As sabotagens, doenças fingidas, corpo mole para o trabalho, incêndio 
nas plantações eram constantes no cotidiano do sistema escravista. A solução 
encontrada para amenizar essa situação e, assim, no caso das fazendas, melhorar 
a qualidade e a quantidade da produção foi a implantação de incentivos. Nos 
engenhos, além da distribuição de presentes, havia o sistema de quota: “[...] 
os escravos, ao menos teoricamente, ao completar a quota estavam livres para 
fazerem o que quisessem” (SCHWARTZ, 2001, p. 103). É importante lembrar 
que essas “brechas” não eliminam o caráter violento e opressor da escravidão, o 
sistema escravista continuava sendo sinônimo de açoites onde os castigos, fossem 
físicos ou morais, estavam sempre presentes. E, mesmo com a lei de 1886, que 
proibia a prática de açoites, esse castigo continuou recorrente.

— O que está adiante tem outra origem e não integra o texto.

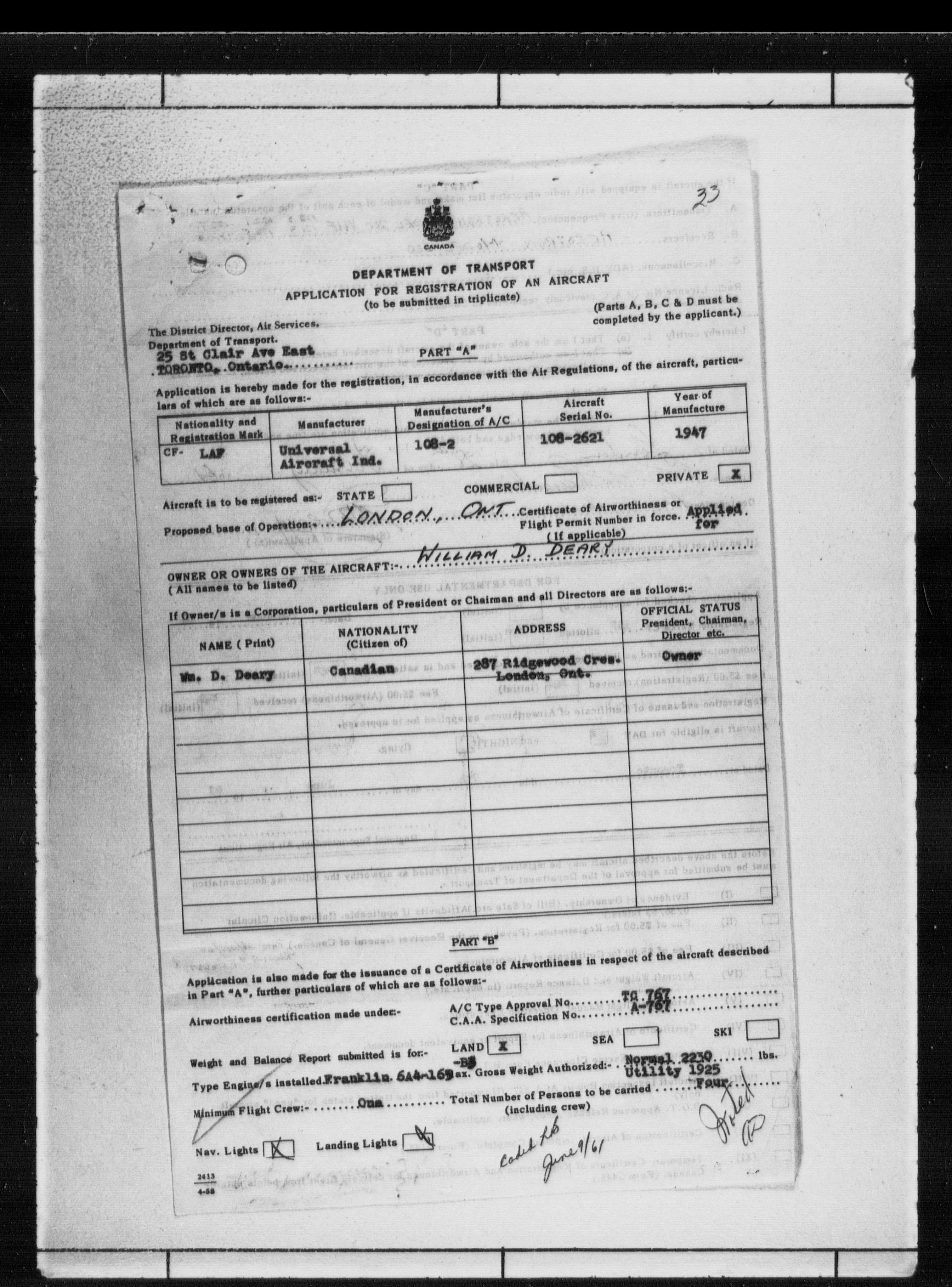 Department of Transport : Civil aircraft registration, inspection and operation files, 1920-1986 : T-7798
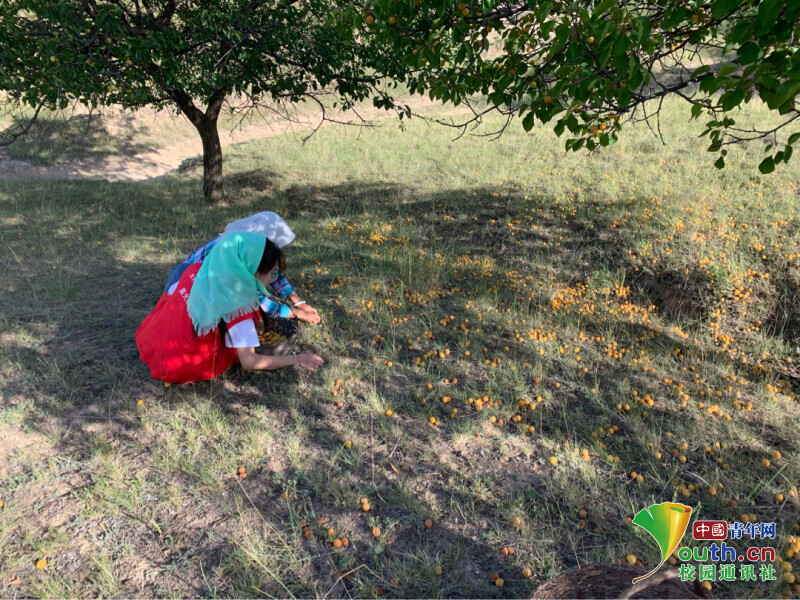 图为团队成员帮助村民拾捡杏子。中国青年网通讯员 李明霞 供图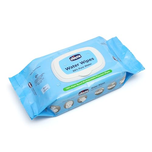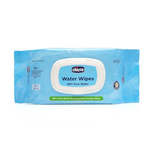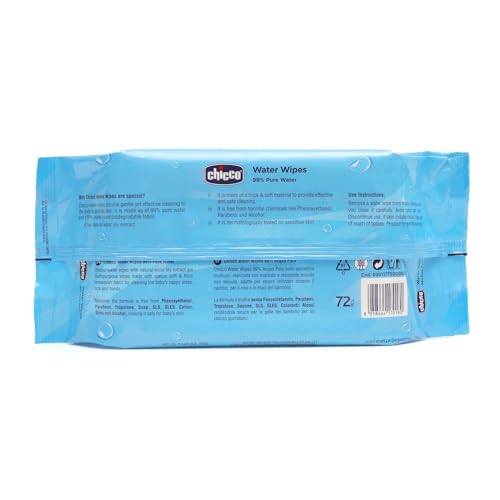 Chicco Water Wipes - 99% Pure Water Wipes 72 Pcs | 100% Plant Based | Free From Phenoxyethanol, Parabens & Alcohol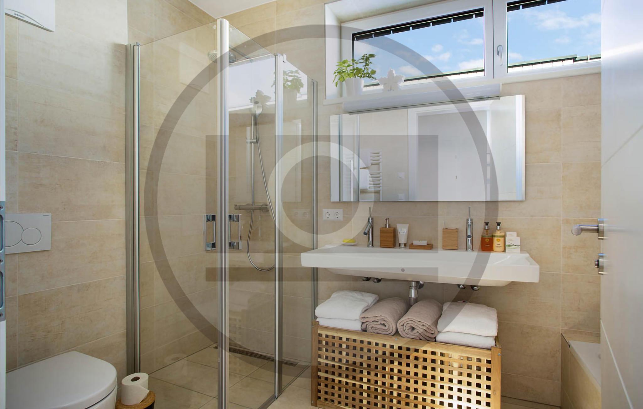 Badeværelse (nr. 1) - WC. Varmt og koldt vand. Bruser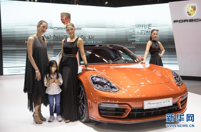 12月13日,一个小女孩在泰国曼谷举办的第37届泰国国际汽车博览会上与车模合影。新华社记者 张可任/摄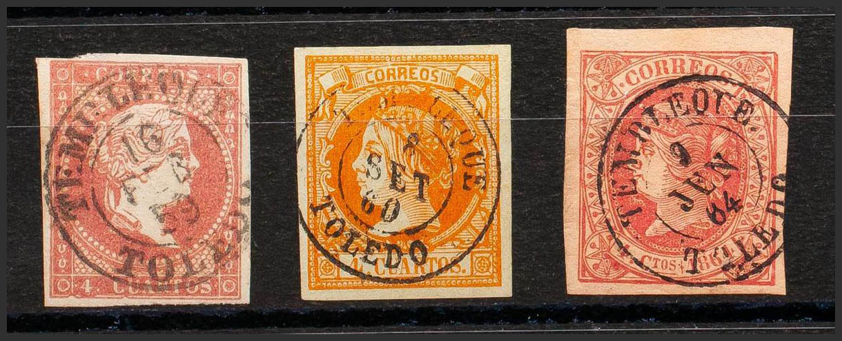 English 48, 52, 64. (1855ca). Set of three 4- cuartos red, yellow and pink stamps, unused with the TEMBLEQUE / TOLEDO postmark (Type I in the 4- cuartos red). MAGNIFICENT.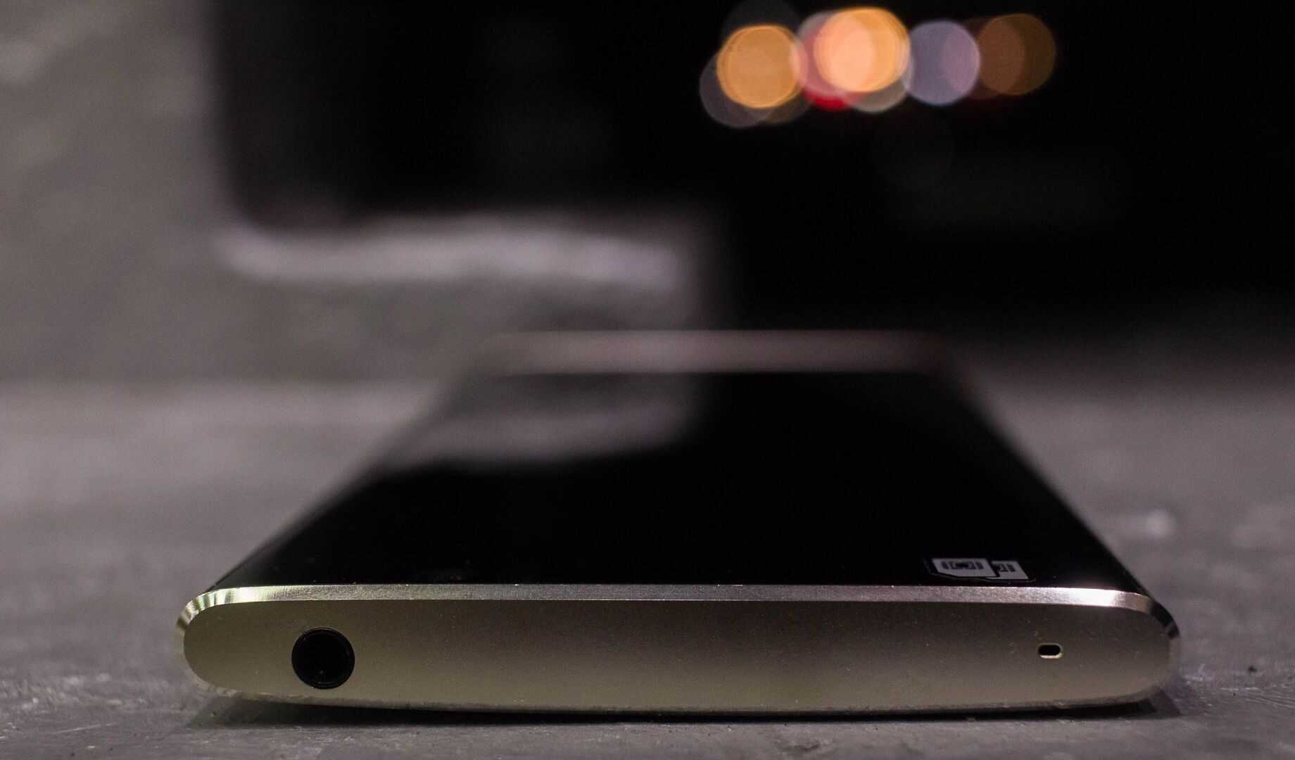 Наушники можно подключить к смартфону через разъем на его верхнем торце. Здесь же расположено еще одно отверстие под дополнительный микрофон системы шумоподавления.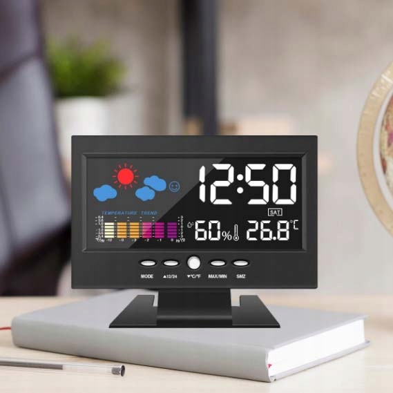 НОВИНКА - Багатофункціональна світлодіодна метеостанція - це пристрій, який має внутрішній термометр, гігрометр, годинник, будильник і дуже великий і чіткий кольоровий дисплей!

Para diminuir os gastos com a dieta dos escravos ou prendê-los à fazenda pelo 
amor à propriedade (SCHWARTZ, 2001), o senhor cedia pequenas áreas para 
que eles plantassem. O cultivo era realizado aos domingos e feriados religiosos. 
A horta destinada para o cultivo do escravo, em diversas regiões do Brasil, 
significava muito mais do que complemento na alimentação; era a possibilidade 
de vender o excedente. O resultado dessa venda poderia ser usado na compra 
de mercadoria nas cidades ou guardado para a compra de sua alforria.
Para o escravo, essa “brecha camponesa” poderia significar uma abertura no 
sistema escravista vigente, uma forma de melhorar sua vida. Para os senhores, 
além de diminuição de gastos com a alimentação, a doação de pequenas áreas 
ligava o cativo à terra. “Um manual de agricultores de 1847 era favorável à 
doação de hortas aos escravos. “Isso os liga à terra pelo amor à propriedade. O 
escravo que é proprietário não foge nem provoca desordem” (WERNECK apud 
SCHWARTZ, 2001, p. 100). Apesar de o sistema funcionar com esse certo grau 
51A posse da terra, poderes e exclusões
de autonomia para os escravos e do acúmulo de pecúlio ter sido recorrente, isso 
só será legalizado a partir da Lei do Ventre Livre em 1871.